The Woks of Life
- Founded: 2013
- Headquarters: New Jersey, USA
- Creators: Sarah, Kaitlin, Judy and Bill Leung
- Industry: Culinary
- Website: https://thewoksoflife.com/

= The Woks of Life =

American Chinese culinary blog

The Woks of Life is a culinary blog focusing on Chinese and American Chinese cuisines. It was started in 2013 by Sarah, Kaitlin, Judy and Bill Leung.

== Blog ==
The blog covers traditional Chinese cuisines and Americanized Chinese dishes. Sarah and Kaitlin started it in 2013, after Judy and Bill had relocated from New Jersey to Beijing for Bill's job at Nokia, as a way to maintain a connection with their parents. The family had always had an interest in food and cooking, and Sarah and Kaitlin wanted to learn their parents' recipes so they could recreate them in their own kitchen.

Around a year after starting the blog, one of the recipe posts went viral, and the family began focusing on the blog as a way to reach a broader audience.

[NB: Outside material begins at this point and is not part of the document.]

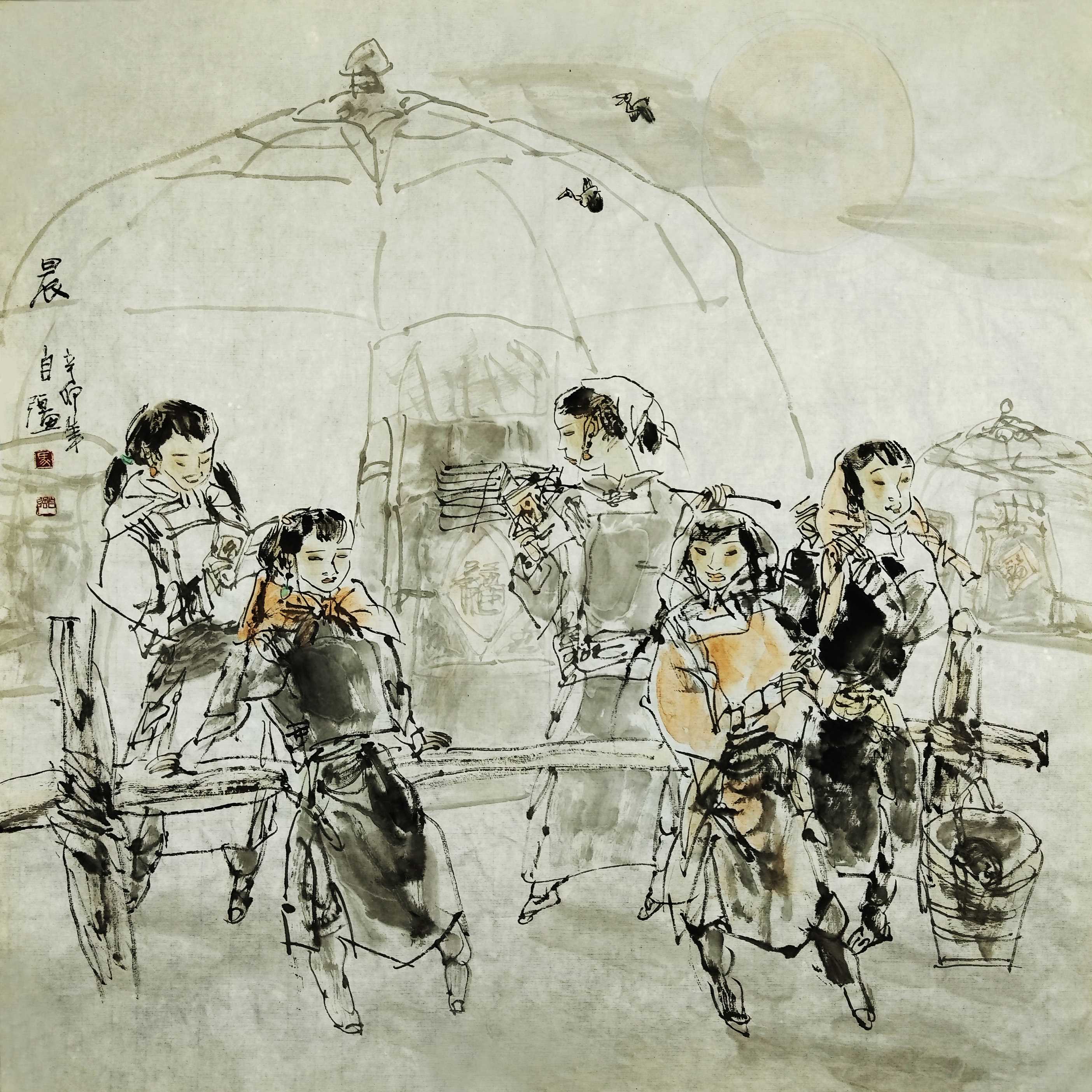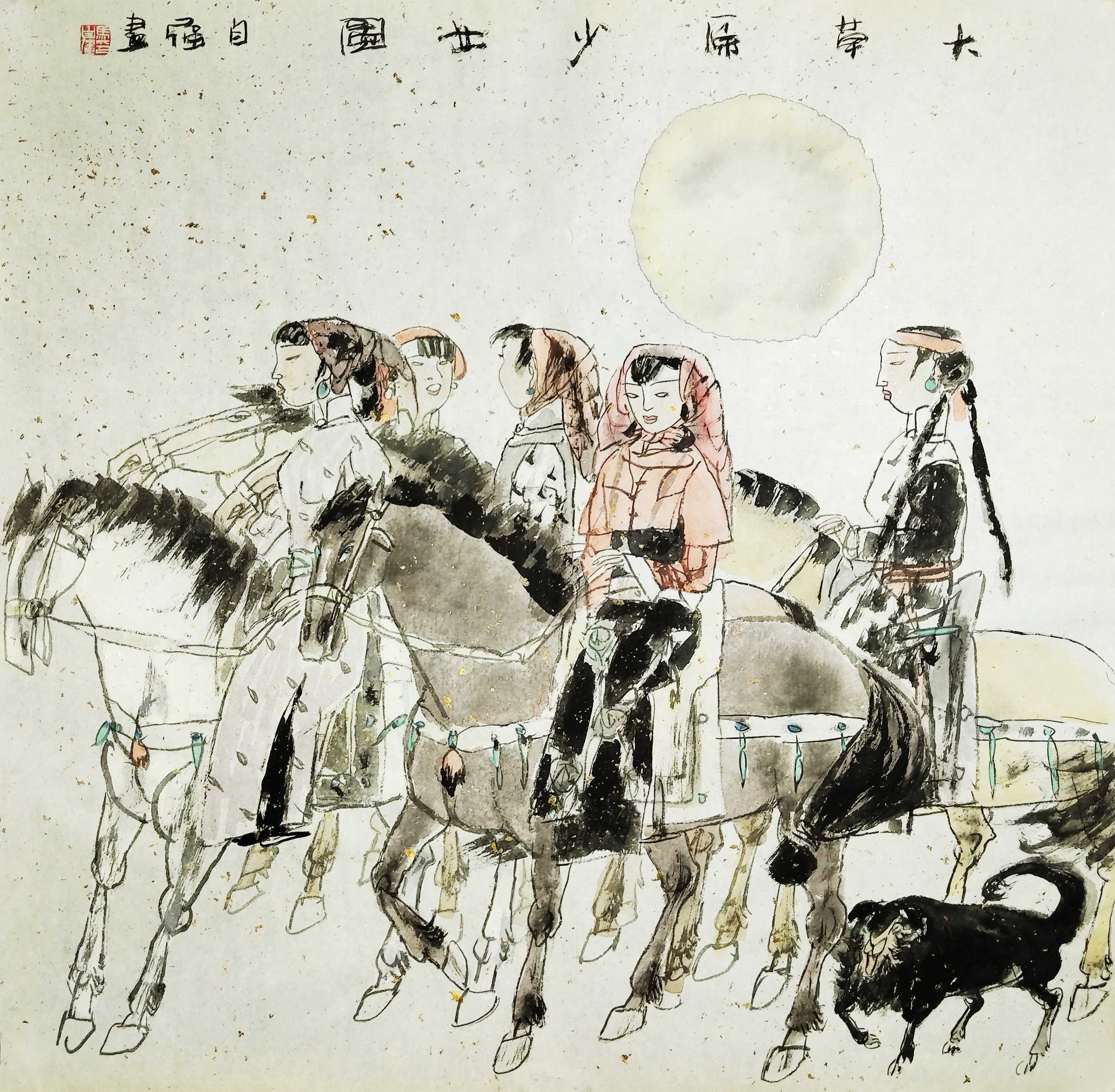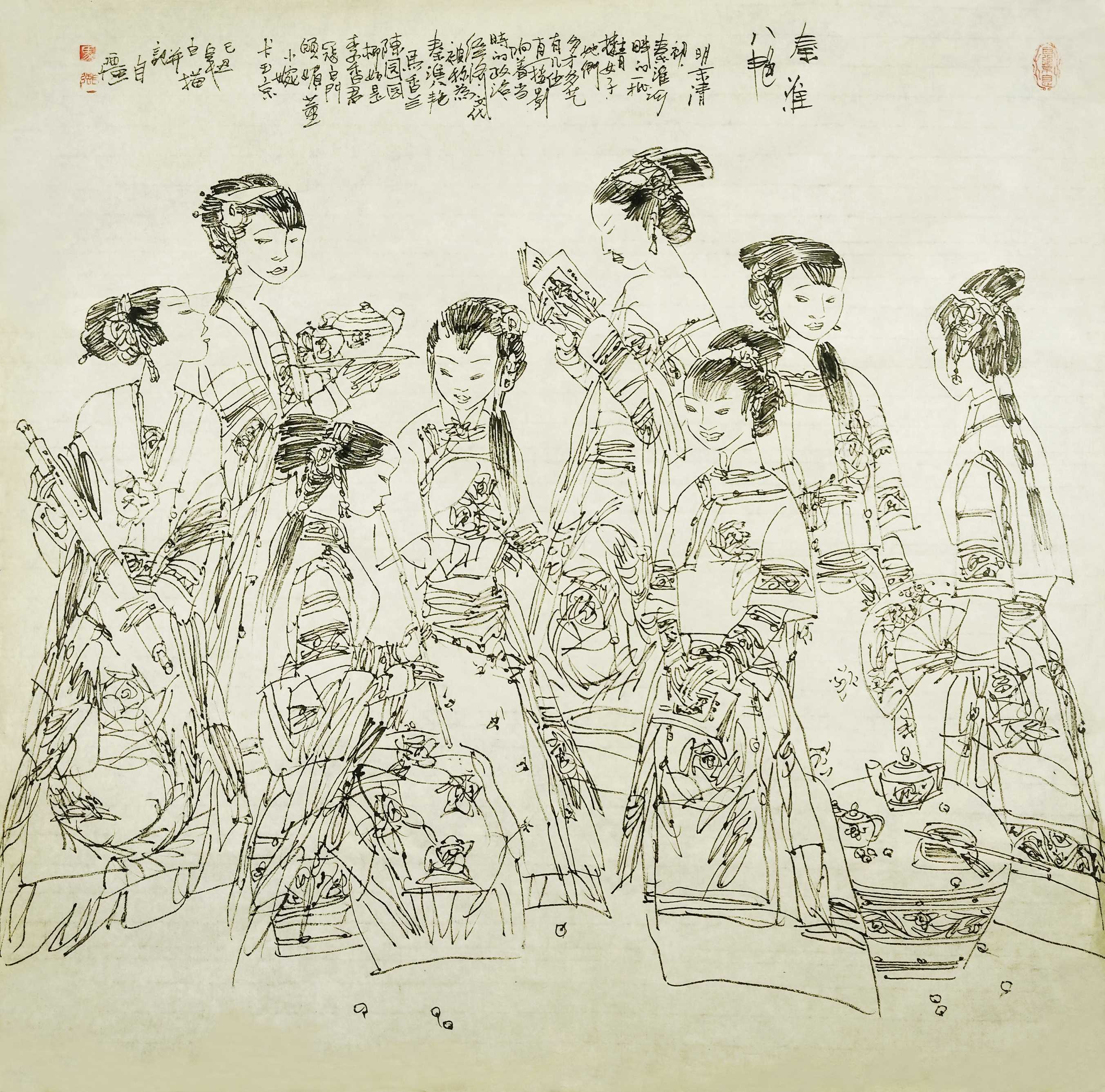 名家书画:马自强 人物画作品 68x68cm

By 2019 Sarah was working on the blog full-time. As of 2022 it receives about 7 million page view per month. According to Dwell it is "possibly the internet's most popular English-language Chinese food blog". According to Bon Appetit, "the family-run recipes blog has been considered by many fans to be the Bible of Chinese home cooking."

The family purchased a 1785 farmhouse on twelve acres of land in New Jersey where they work on the blog full-time and grow produce for use in their recipes.

== Cookbook ==
The family wrote a cookbook, The Woks Of Life: Recipes To Know And Love From A Chinese American Family, which was published in 2022 by Clarkson Potter. Sarah and Kaitlin created the photographs. The book became a New York Times bestseller. It was nominated for a 2023 James Beard Award in the U.S. Foodways category, as well as a 2023 IACP Award in the American category. It was named one of the best cookbooks of the year by the San Francisco Chronicle, Simply Recipes, The New York Times, Food & Wine, NPR, Smithsonian Magazine, Delish, and Epicurious.

== YouTube ==
The Leung Family also has a YouTube channel featuring cooking tutorials and lifestyle videos, with each family member presenting their own recipes.

== Recognition ==
In 2015, Saveur named it the Best Special Interest blog. The Woks of Life was featured in Season 4 Episode 6 of Lucky Chow (PBS) in 2020 and Season 1 Episode 5 of Family Dinner with Andrew Zimmern (Magnolia Network) in 2021.

== The Leung family ==
Judy Leung was born in Shanghai, grew up in Hubei and Shanghai, and immigrated to the US with her family when she was sixteen. She speaks Shanghainese, Cantonese, and Mandarin. Bill was born and raised in Liberty, New York, in the Catskill Mountains, where he worked summers local hotels and resorts with his stepfather, a professional chef. Sarah and Kaitlin Leung were born and raised in New Jersey.